Learning about the future from the past provided meaningful discussions at the AlUla World Archaeology Summit ranging from the usefulness of ancient wisdom in a modern context to digital archaeology and inclusive archaeology. Topics reflected the ambition of the summit with its four broad themes of identity, ruinscapes, resilience, and accessibility. Interdisciplinary conversations moved beyond the specialist mindset to promote archaeology to wider audiences.
Abdulrahman Alsuhaibani, Executive Director of Archaeology, Conservation and Collections at the Royal Commission for AlUla (RCU), said:
“This summit was exceptional. It was unique.”
“We discussed topics vital to the future of archaeology with a broader perspective – and I hope we continue the discussion.”
Organized by RCU, the World Archaeology Summit included over 80 speakers and 50 youth delegates who participated in the Future Forum. They represented 167 institutions including 65 universities and a gender ratio of 47% female to 53% male.
A new prize for young archaeologists was announced on the summit’s final day – the AlUla World Archaeology Summit Award of Excellence. This prestigious award is to be given at future summits and will promote the science of archaeology, Dr. Alsuhaibani said, explaining more details will be announced later.
AlUla’s in Saudi Arabia is a hub of archaeological activity, and RCU is sponsoring one of the world’s largest archaeological research programs across AlUla and Khaybar with 12 current surveys, excavations, and specialist projects. Rich cultural landscapes are being revealed, including funerary avenues, mustatils, ancient cities, inscriptions in 10 languages, rock art, and complex agricultural practices. In 2008, AlUla’s Hegra was inscribed as Saudi Arabia’s first UNESCO World Heritage Site.

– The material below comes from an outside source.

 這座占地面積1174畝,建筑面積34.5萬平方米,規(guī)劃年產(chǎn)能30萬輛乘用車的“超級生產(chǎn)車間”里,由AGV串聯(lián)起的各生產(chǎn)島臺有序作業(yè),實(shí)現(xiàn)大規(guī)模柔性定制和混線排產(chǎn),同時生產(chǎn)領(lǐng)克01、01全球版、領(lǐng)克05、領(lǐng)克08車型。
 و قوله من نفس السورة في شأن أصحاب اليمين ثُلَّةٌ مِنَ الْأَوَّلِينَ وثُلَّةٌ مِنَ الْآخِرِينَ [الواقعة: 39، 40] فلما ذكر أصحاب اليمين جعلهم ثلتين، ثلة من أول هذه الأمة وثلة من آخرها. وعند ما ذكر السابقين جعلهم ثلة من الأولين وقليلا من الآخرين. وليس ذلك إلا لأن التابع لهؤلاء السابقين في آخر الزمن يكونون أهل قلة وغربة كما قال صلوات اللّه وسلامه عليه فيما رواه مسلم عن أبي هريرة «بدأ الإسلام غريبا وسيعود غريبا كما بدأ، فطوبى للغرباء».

AlUla Shines a Light On the Future Through Archaeology
This gathering of leaders from academia, government, non-government organizations, industry, and young people representing the next generation of archaeologists was created to not only enrich the archaeological community and help protect shared history but also to open up a larger reflection of what and how archaeology, and more broadly cultural heritage, can contribute to transformational changes in society. It offered delegates a platform for advancing archaeology and cultural heritage management in their interface with other disciplines.
With future being the theme of how archaeology which is normally thought of as history as the summit’s guiding force, young people engaged in a Future Forum platform through meaningful dialogue and debate about the future of archaeology. It offered a space for them to develop their own perspectives and ideas and contribute to the conversation in fundamental ways.

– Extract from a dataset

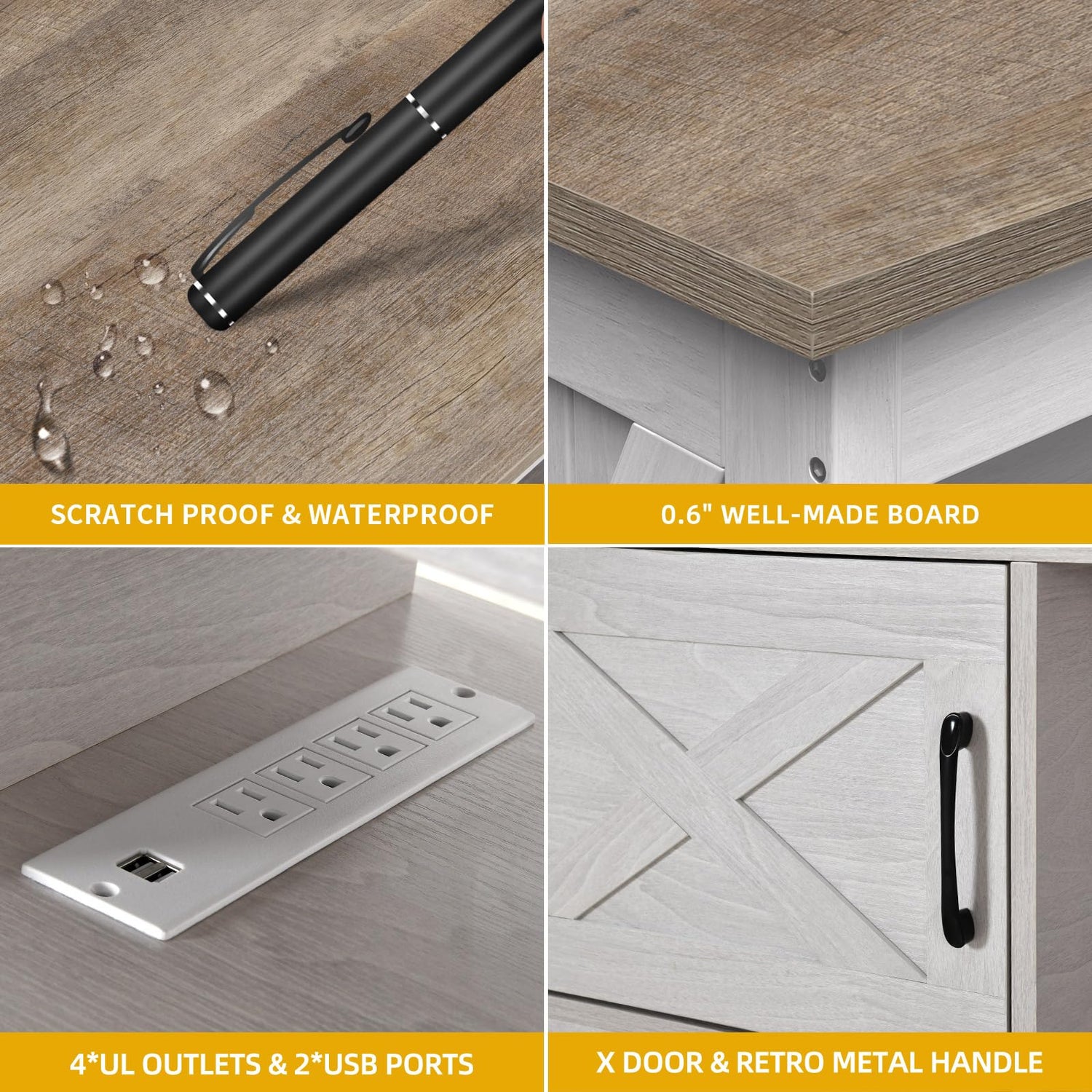 - Power up with Ease: Our farmhouse TV stand features built-in power outlets and USB ports, ensuring handy charging for all your devices. From TVs to routers, keep everything juiced up and ready to go

AlUla: The World’s Masterpiece
The city of AlUla is a place of extraordinary human and natural heritage, referred to as the World’s Masterpiece. It is a living museum of preserved tombs, sandstone outcrops, historic dwellings, and monuments, both natural and human-made, that hold 200,000 years of largely unexplored human history. The Kingdom of Saudi Arabia has long been a crossroads of ancient civilizations — a place of deep history, but one that is constantly evolving.
AlUla became a vital crossroads along the famous incense-trading routes running from southern Arabia, north into Egypt, and beyond. With oases dotting the area, it offered a much-needed respite for weary travelers, becoming a popular place to rest, commune. and recharge.
It was also capital of the ancient kingdoms of Dadan and Lihyan, which controlled the caravan trade. Hegra and was the principal southern city of the Nabataean kingdom, famed for its spectacular monumental tombs. Today, Old Town AlUla is an abandoned labyrinth of streets tightly packed to create a defensive wall, and seemingly built over an ancient settlement.
This largely undiscovered expanse holds a timeless mystery that has been carried through its complex history. Layer upon layer of human history and a wealth of natural wonders are waiting to be explored, from dramatic rock formations and sand-swept dunes to archaeological ruins that trace the lives of the ancient cultures who built cities here.